INFORMATION SUPPLIED:
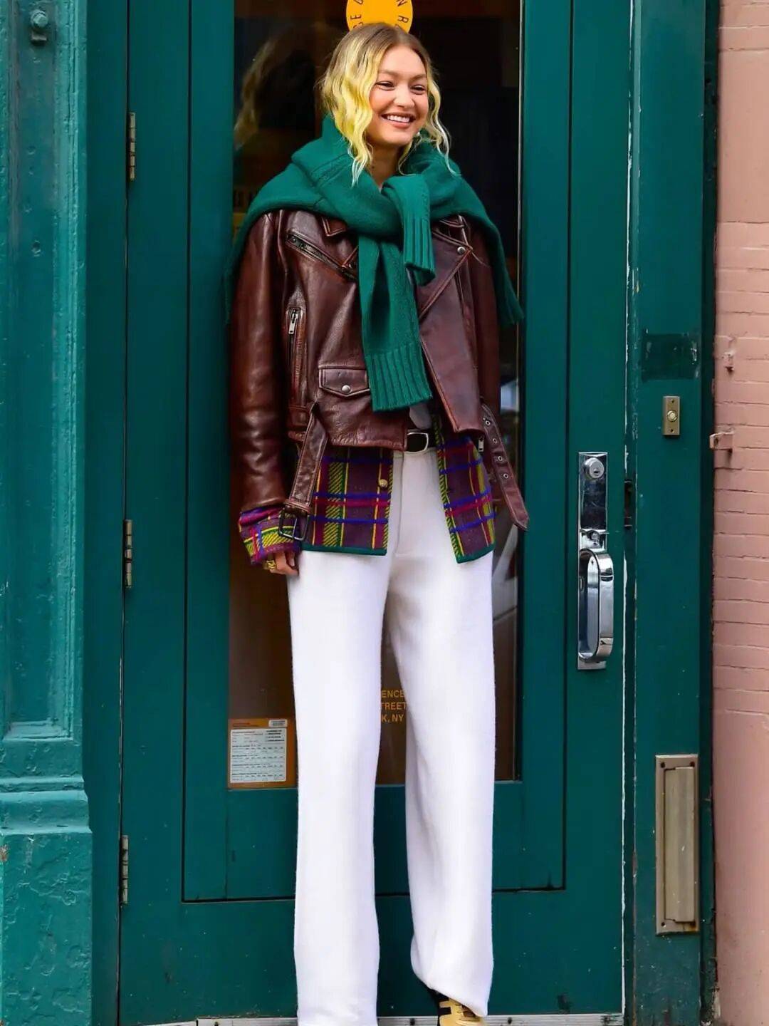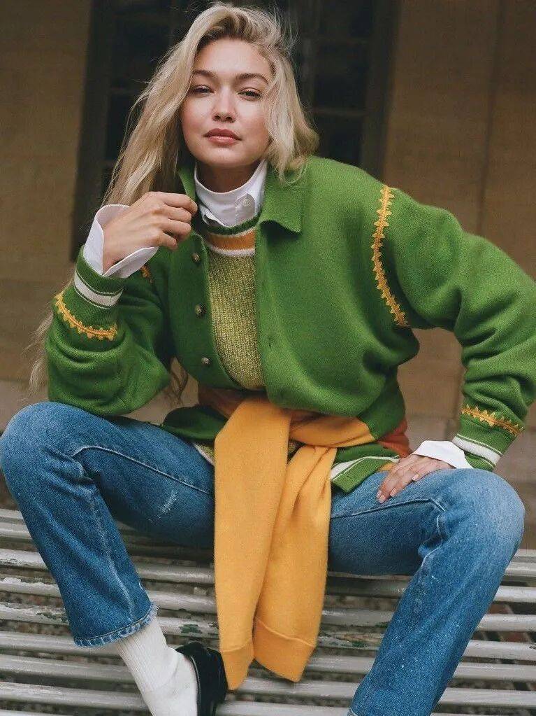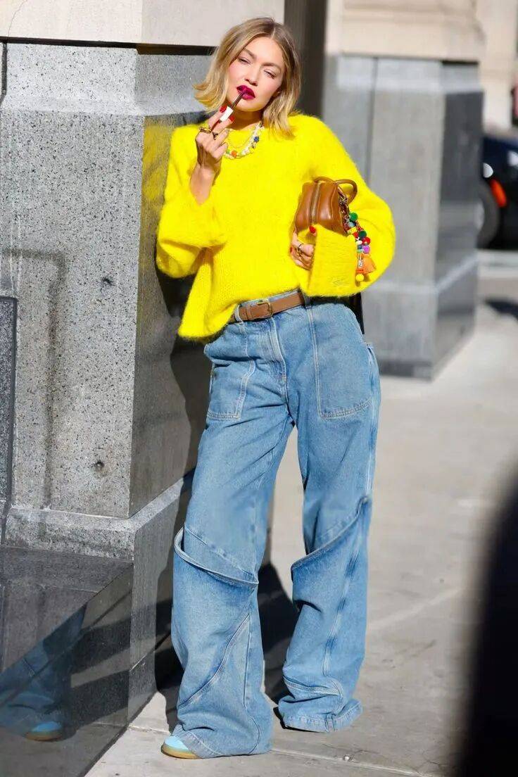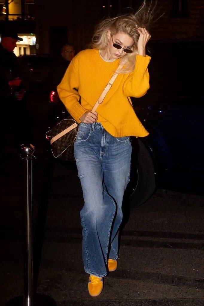 Gigi Hadid就有过橘色、黄色的毛衣look,搭配牛仔裤,休闲随性又吸睛俏皮。
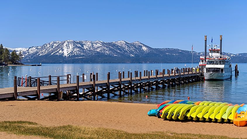 Ein ruhiger, sonniger Frühlingsmorgen am Strand von Zephyr Cove, Lake Tahoe, Kalifornien-Nevada, USA. Bildnachweis: Sean Xu / Shutterstock.com
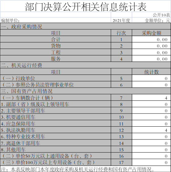 截至2021年12月31日,本部门共有车辆4辆。其中,副部(省)级及以上领导用车0辆、主要领导干部用车0辆、机要通信用车0辆、应急保障用车0辆、执法执勤用车4辆、特种专业技术用车0辆、离退休干部用车0辆、其他用车0辆;单价50万元(含)以上的通用设备0台(套),单价100万元(含)以上专用设备0台(套)。
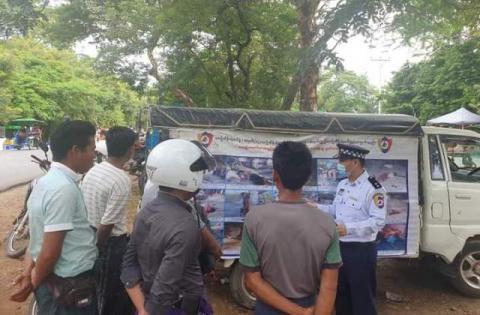 မန္တလေးတိုင်းဒေသကြီး၊ ကျောက်ဆည်မြို့နယ်တွင် ယာဉ်မတော်တဆအဖြစ်များသည့် မဟာရွှေသိမ်တော်ဘုရားဝင်ပေါက်အတွက် ရန်ကုန်-မန္တလေးကားလမ်းမကြီးတွင် အမှတ် (၉၂) ယာဉ်ထိန်းတပ်ဖွဲ့စုမှ တပ်ဖွဲ့စုမှူး ရဲအုပ်ကျော်စိုးလွင်နှင့် ဝန်ထမ်းများသည် ယမန်နေ့ မွန်းလွဲ (၁) နာရီက ယာဉ်စည်းကမ်း၊ လမ်းစည်းကမ်း လိုက်နာမှုအားနည်းသူများအား အရေးယူမှုမရှိဘဲ ပညာပေးလုပ်ငန်းများ ဆောင်ရွက်ပေးခဲ့ကြောင်း သိရှိရသည်။

YOUR INSTRUCTIONS: Your copy should match the listing exactly, apart from the pictures it leaves out.

OUTPUT FOR THIS TASK:
 Gigi Hadid就有过橘色、黄色的毛衣look,搭配牛仔裤,休闲随性又吸睛俏皮。
 Ein ruhiger, sonniger Frühlingsmorgen am Strand von Zephyr Cove, Lake Tahoe, Kalifornien-Nevada, USA. Bildnachweis: Sean Xu / Shutterstock.com
 截至2021年12月31日,本部门共有车辆4辆。其中,副部(省)级及以上领导用车0辆、主要领导干部用车0辆、机要通信用车0辆、应急保障用车0辆、执法执勤用车4辆、特种专业技术用车0辆、离退休干部用车0辆、其他用车0辆;单价50万元(含)以上的通用设备0台(套),单价100万元(含)以上专用设备0台(套)。
 မန္တလေးတိုင်းဒေသကြီး၊ ကျောက်ဆည်မြို့နယ်တွင် ယာဉ်မတော်တဆအဖြစ်များသည့် မဟာရွှေသိမ်တော်ဘုရားဝင်ပေါက်အတွက် ရန်ကုန်-မန္တလေးကားလမ်းမကြီးတွင် အမှတ် (၉၂) ယာဉ်ထိန်းတပ်ဖွဲ့စုမှ တပ်ဖွဲ့စုမှူး ရဲအုပ်ကျော်စိုးလွင်နှင့် ဝန်ထမ်းများသည် ယမန်နေ့ မွန်းလွဲ (၁) နာရီက ယာဉ်စည်းကမ်း၊ လမ်းစည်းကမ်း လိုက်နာမှုအားနည်းသူများအား အရေးယူမှုမရှိဘဲ ပညာပေးလုပ်ငန်းများ ဆောင်ရွက်ပေးခဲ့ကြောင်း သိရှိရသည်။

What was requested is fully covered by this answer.